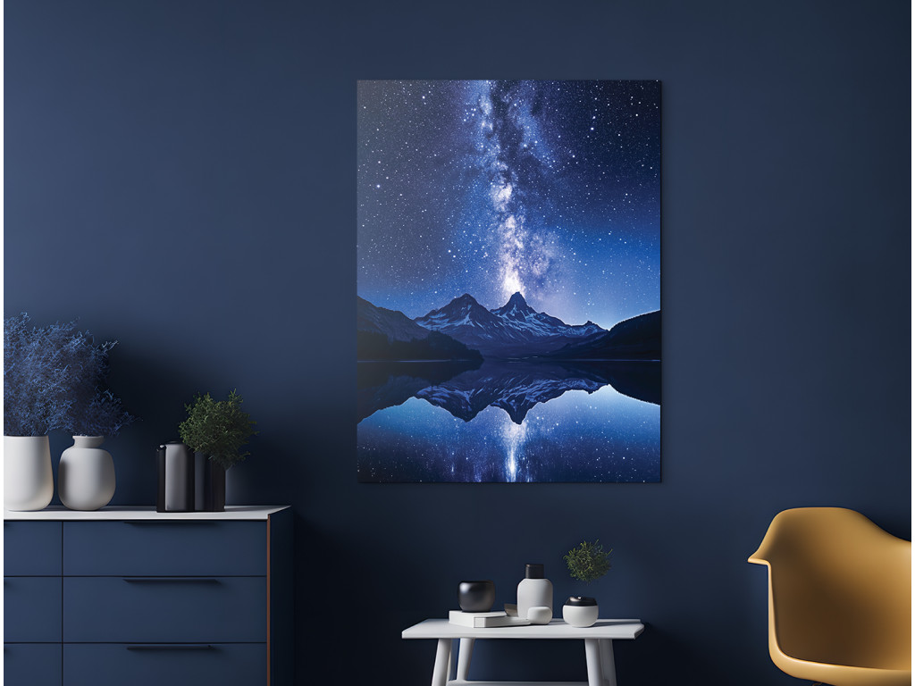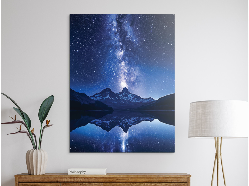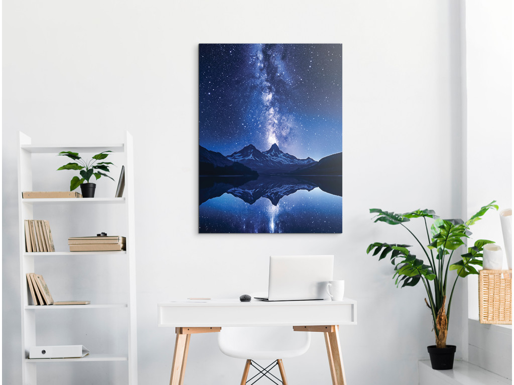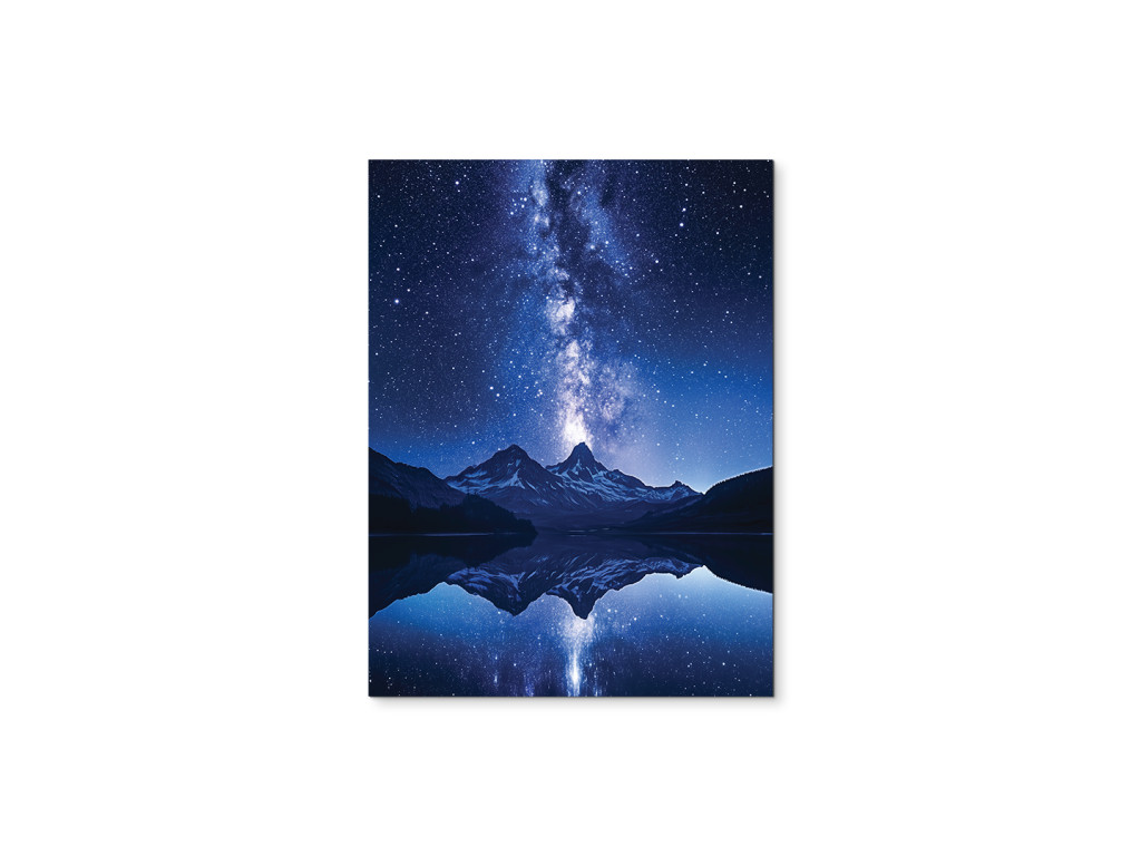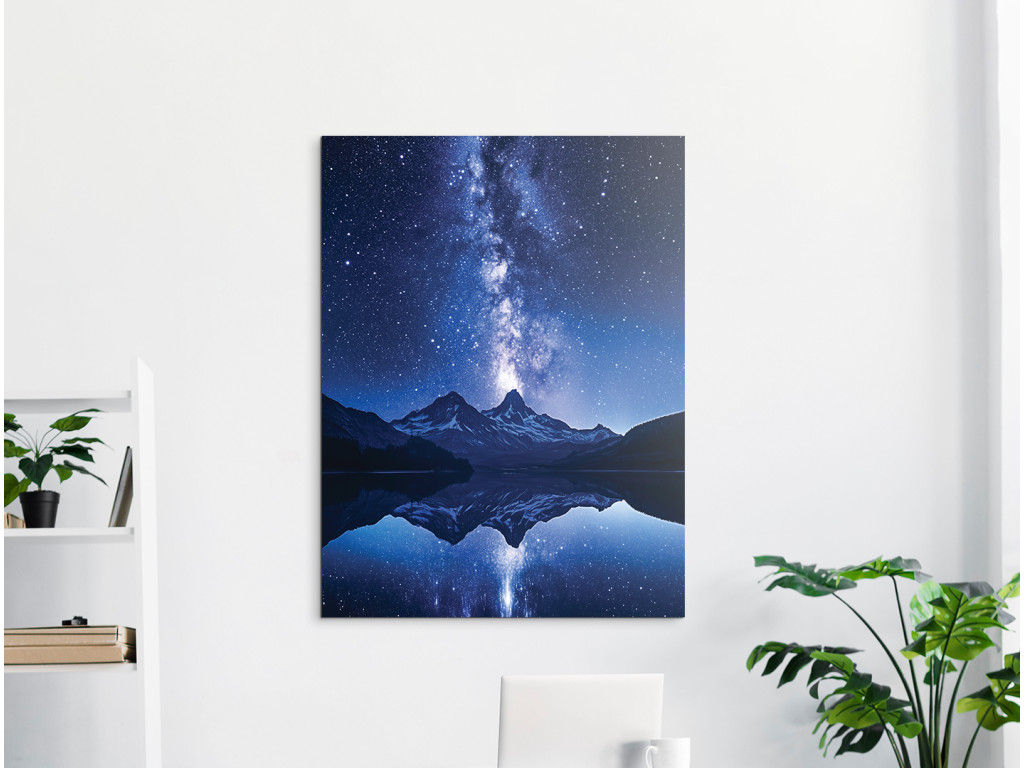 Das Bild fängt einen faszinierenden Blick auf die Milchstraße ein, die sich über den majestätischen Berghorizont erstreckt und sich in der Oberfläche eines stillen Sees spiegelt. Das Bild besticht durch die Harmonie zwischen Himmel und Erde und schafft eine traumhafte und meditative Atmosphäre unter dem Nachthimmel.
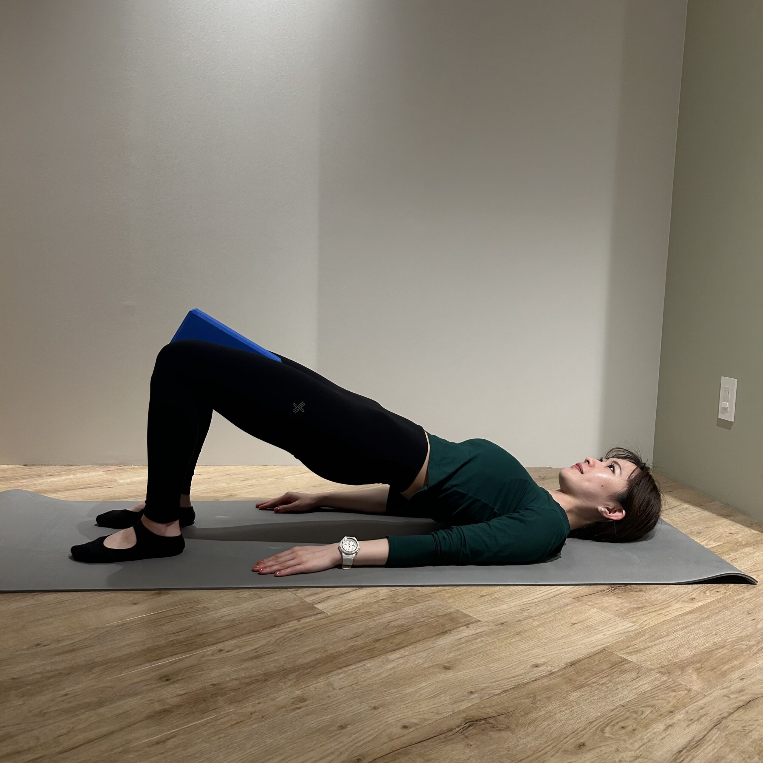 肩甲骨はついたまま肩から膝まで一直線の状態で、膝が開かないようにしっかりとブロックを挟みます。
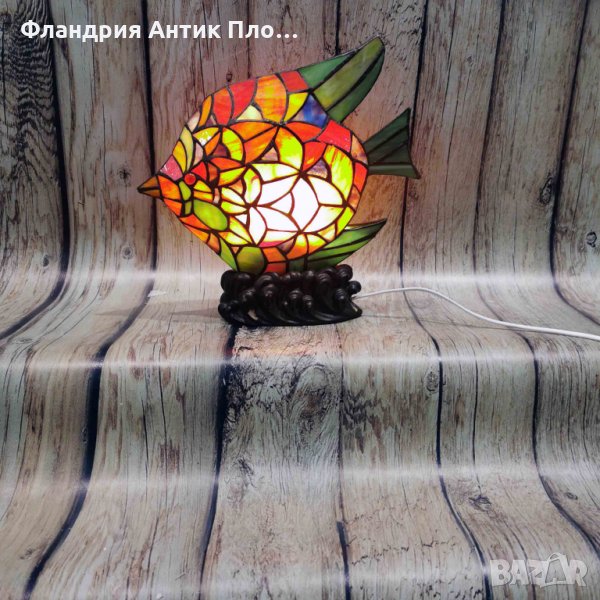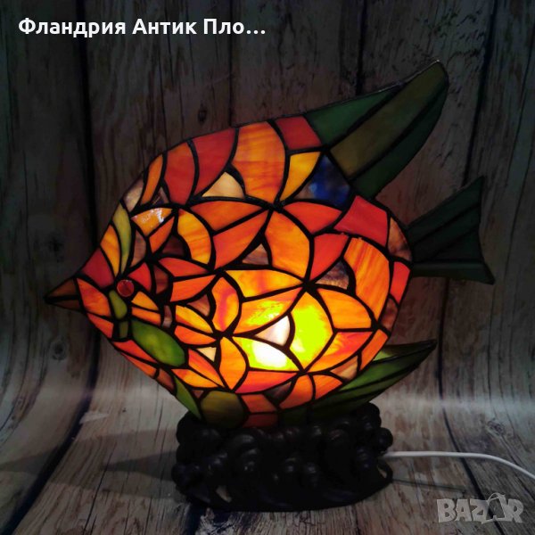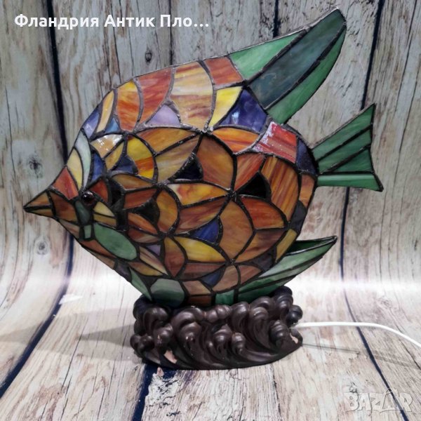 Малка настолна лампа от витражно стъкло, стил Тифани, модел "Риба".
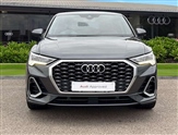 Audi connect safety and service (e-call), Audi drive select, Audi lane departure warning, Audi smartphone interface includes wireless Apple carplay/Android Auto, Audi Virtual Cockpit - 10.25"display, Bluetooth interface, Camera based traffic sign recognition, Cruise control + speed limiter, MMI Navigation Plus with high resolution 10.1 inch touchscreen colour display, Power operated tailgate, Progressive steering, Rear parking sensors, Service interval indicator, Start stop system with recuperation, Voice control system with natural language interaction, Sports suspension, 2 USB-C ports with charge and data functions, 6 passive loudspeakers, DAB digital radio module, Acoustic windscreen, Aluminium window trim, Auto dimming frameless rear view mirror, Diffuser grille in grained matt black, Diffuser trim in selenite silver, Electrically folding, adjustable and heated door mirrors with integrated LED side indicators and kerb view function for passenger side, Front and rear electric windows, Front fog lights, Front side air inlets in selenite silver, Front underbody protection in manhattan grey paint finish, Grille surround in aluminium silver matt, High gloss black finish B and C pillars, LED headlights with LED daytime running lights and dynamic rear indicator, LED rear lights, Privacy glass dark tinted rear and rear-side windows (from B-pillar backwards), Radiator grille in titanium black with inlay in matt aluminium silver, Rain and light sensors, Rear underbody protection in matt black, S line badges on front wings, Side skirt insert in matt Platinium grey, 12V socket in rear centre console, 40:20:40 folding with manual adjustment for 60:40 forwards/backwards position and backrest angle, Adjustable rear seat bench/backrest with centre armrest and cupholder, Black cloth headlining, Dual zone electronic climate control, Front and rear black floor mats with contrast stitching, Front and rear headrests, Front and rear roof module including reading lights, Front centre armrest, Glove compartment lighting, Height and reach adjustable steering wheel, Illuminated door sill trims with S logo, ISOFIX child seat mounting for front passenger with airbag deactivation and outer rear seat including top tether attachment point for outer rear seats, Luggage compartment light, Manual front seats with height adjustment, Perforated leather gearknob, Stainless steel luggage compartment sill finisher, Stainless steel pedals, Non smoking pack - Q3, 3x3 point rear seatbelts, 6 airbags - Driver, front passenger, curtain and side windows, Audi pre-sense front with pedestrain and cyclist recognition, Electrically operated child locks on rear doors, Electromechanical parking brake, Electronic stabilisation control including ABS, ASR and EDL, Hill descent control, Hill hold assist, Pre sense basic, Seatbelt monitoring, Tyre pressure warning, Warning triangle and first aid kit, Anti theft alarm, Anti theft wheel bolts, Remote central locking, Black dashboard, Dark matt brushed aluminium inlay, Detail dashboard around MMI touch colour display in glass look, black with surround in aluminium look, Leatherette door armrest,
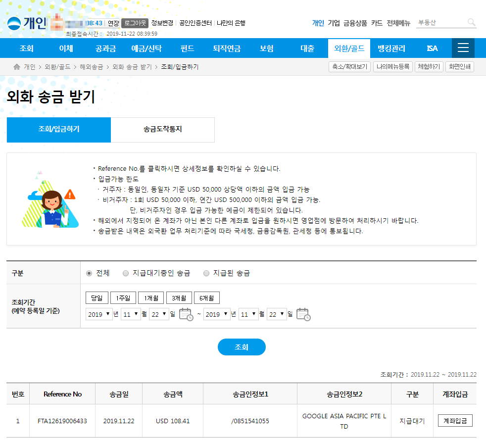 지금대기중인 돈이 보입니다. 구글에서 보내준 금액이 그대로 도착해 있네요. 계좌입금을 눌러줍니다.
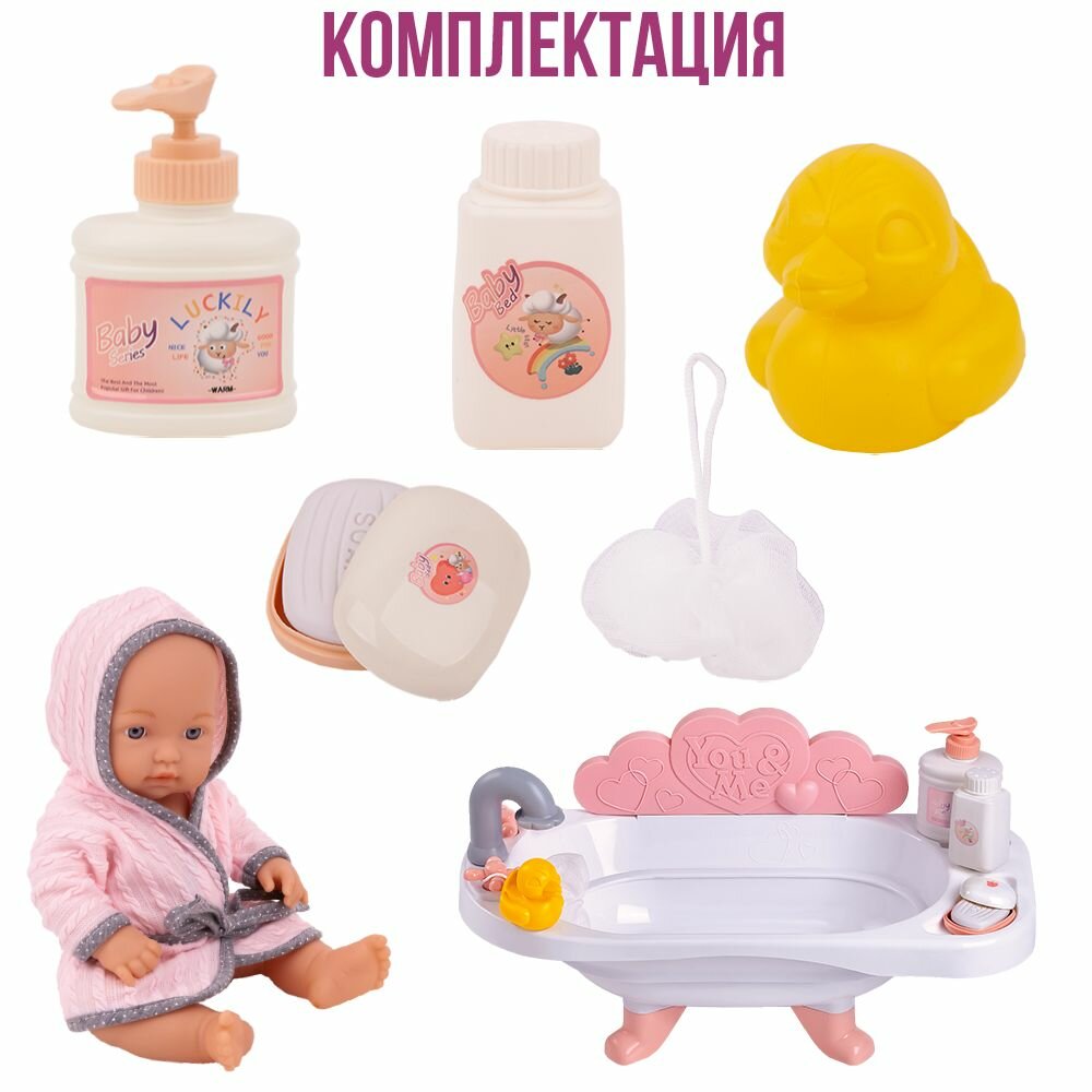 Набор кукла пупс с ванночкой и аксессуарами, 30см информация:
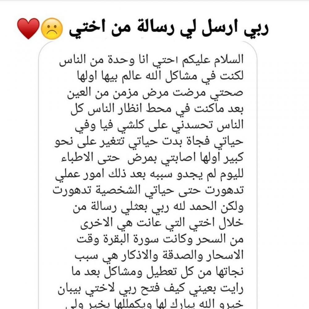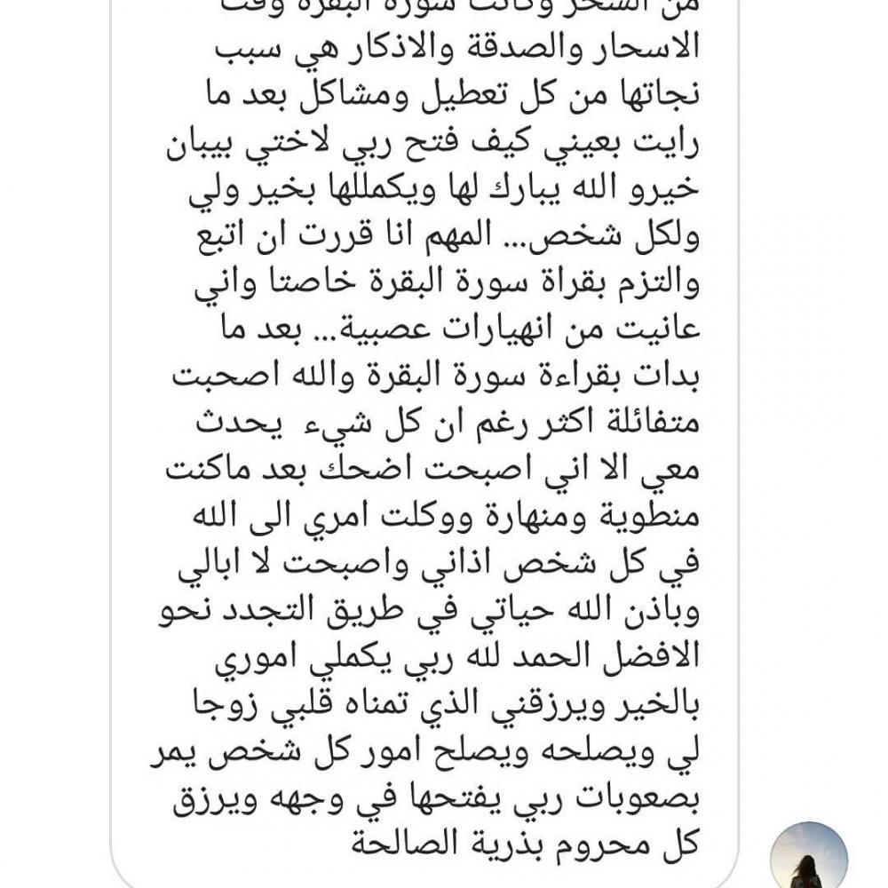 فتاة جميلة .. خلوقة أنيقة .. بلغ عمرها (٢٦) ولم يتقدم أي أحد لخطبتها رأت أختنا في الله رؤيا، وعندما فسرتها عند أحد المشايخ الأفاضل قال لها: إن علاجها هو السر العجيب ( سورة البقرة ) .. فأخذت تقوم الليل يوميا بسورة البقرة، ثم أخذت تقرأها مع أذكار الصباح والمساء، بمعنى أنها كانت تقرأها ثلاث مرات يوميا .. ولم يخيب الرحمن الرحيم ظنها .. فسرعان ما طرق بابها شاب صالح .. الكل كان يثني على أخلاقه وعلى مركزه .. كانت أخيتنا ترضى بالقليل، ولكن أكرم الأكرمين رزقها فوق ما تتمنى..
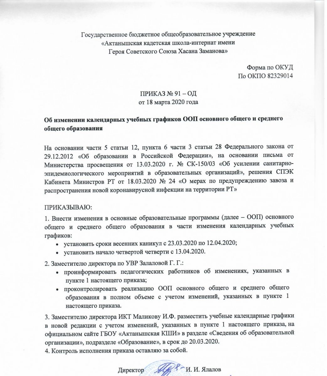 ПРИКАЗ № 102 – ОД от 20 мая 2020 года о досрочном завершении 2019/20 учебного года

◆ ◆ ◆ ◆ ◆ ◆ ◆

**What you should do**
Return the lines exactly as they stand, from the start of the entries through the line holding "Малка настолна лампа"; omit the pictures.

**Your solution**
 Das Bild fängt einen faszinierenden Blick auf die Milchstraße ein, die sich über den majestätischen Berghorizont erstreckt und sich in der Oberfläche eines stillen Sees spiegelt. Das Bild besticht durch die Harmonie zwischen Himmel und Erde und schafft eine traumhafte und meditative Atmosphäre unter dem Nachthimmel.
 肩甲骨はついたまま肩から膝まで一直線の状態で、膝が開かないようにしっかりとブロックを挟みます。
 Малка настолна лампа от витражно стъкло, стил Тифани, модел "Риба".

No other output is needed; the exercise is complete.